WHAT NEEDS TO BE DONE |
Output nothing except the lines from the one containing "还有人表示:呵呵,其实我爸没" through the final line of the data, both included, typed exactly, minus the pictures.

SOURCE DATA |

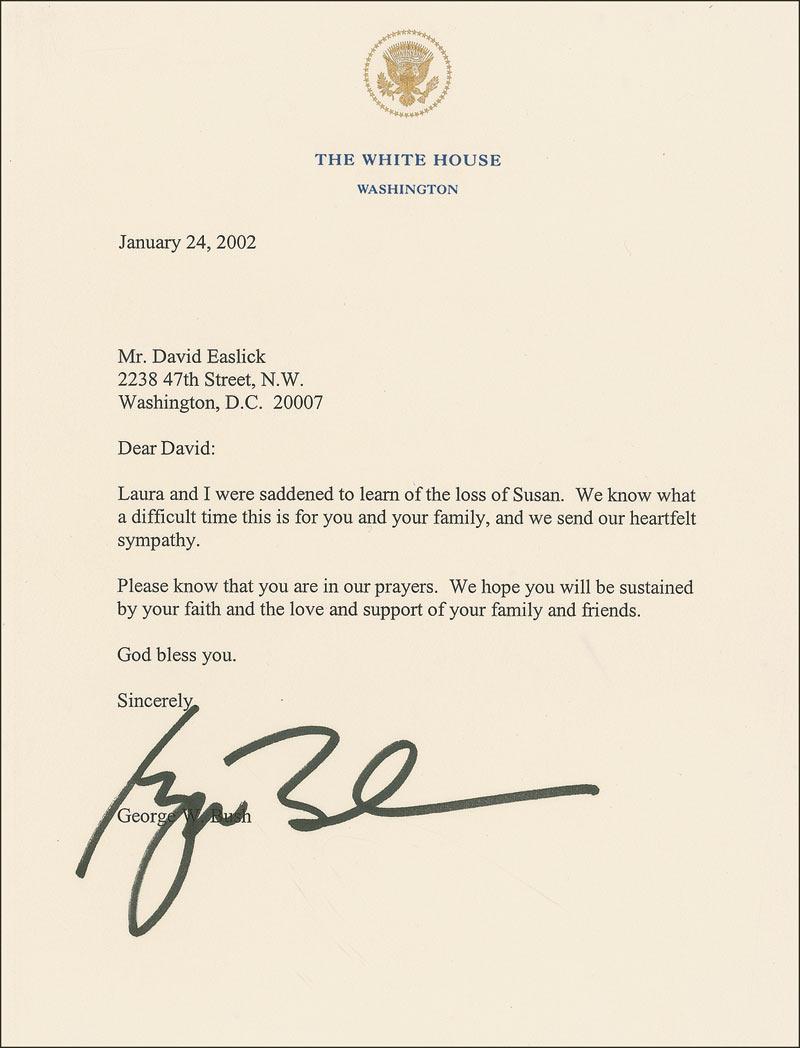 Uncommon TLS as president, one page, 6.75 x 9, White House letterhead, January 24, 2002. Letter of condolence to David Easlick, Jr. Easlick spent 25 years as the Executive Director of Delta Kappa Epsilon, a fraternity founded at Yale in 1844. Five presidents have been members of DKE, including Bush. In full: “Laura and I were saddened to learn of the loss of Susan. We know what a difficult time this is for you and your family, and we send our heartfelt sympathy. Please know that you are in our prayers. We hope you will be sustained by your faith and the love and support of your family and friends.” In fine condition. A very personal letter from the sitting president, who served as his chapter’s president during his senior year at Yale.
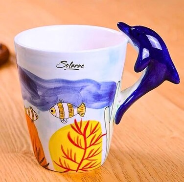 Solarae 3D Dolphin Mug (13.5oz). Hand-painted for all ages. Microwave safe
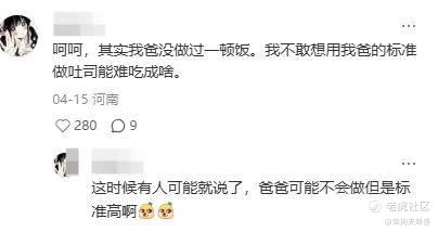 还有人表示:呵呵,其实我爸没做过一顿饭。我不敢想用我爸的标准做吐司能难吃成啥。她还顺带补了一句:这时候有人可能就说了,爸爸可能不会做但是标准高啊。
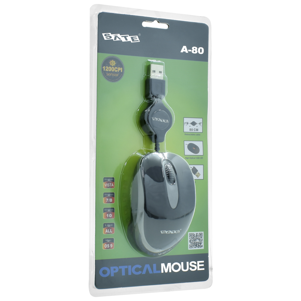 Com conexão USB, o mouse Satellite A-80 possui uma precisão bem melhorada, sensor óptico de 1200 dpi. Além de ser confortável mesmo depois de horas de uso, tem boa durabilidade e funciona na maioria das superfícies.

TASK ANSWER |
 还有人表示:呵呵,其实我爸没做过一顿饭。我不敢想用我爸的标准做吐司能难吃成啥。她还顺带补了一句:这时候有人可能就说了,爸爸可能不会做但是标准高啊。
 Com conexão USB, o mouse Satellite A-80 possui uma precisão bem melhorada, sensor óptico de 1200 dpi. Além de ser confortável mesmo depois de horas de uso, tem boa durabilidade e funciona na maioria das superfícies.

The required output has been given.